With Docker, developers can focus on their projects in a more consistent environment without having to worry about specific system configurations and dependencies. Users can also easily set up and run projects.
Prerequisites.
Docker is already installed on the WSL.
You have installed NVIDIA’s Container Toolkit on your WSL.
NVIDIA’s Container Toolkit (NVIDIA Container Toolkit) is very important for Docker and GPU integration. Its main points are described below.
- GPU support: The NVIDIA Container Toolkit provides a mechanism to utilize NVIDIA GPUs directly within Docker containers. This allows applications and machine learning models that require GPUs to run efficiently within containers.

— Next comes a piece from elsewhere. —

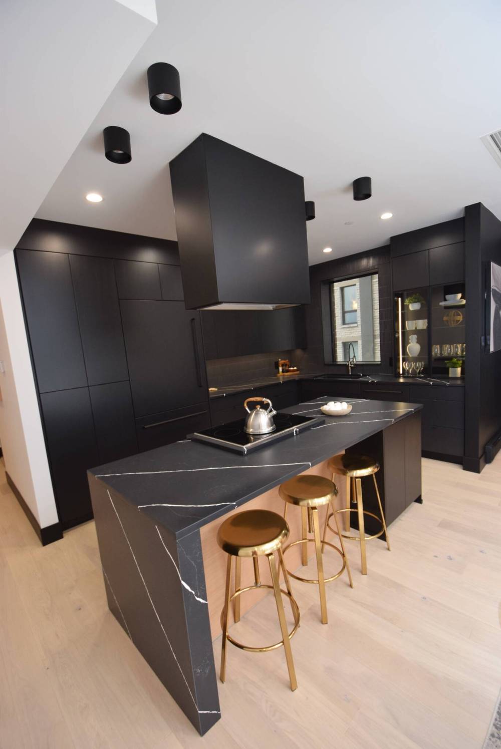 The island kitchen to the left starts things off in tasteful, modern style with a matte black quartz island with gorgeous white veins and matching waterfall sides.
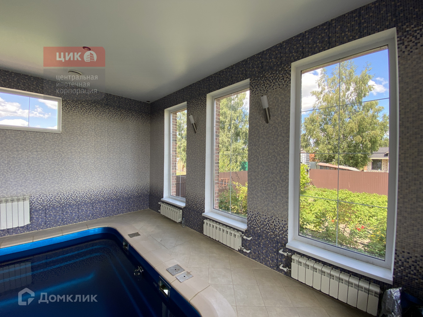 Бассейн с системой очистки и подогревом 75 кв.м.  в доме с панорамными окнами и прекрасным видом на дворик

- CUDA Integration: The toolkit is also tightly integrated with CUDA, allowing access to the CUDA libraries from within a Docker container. This makes it easy to develop and deploy CUDA-enabled applications.
- Flexibility and portability: Using containers, applications can run consistently across different systems and different CUDA versions. This is especially important for applications that require GPU compute resources.
- Easy setup: NVIDIA’s Container Toolkit eliminates the need for users to include GPU drivers in the container image. As long as the driver is properly setup on the host system, the container can use it.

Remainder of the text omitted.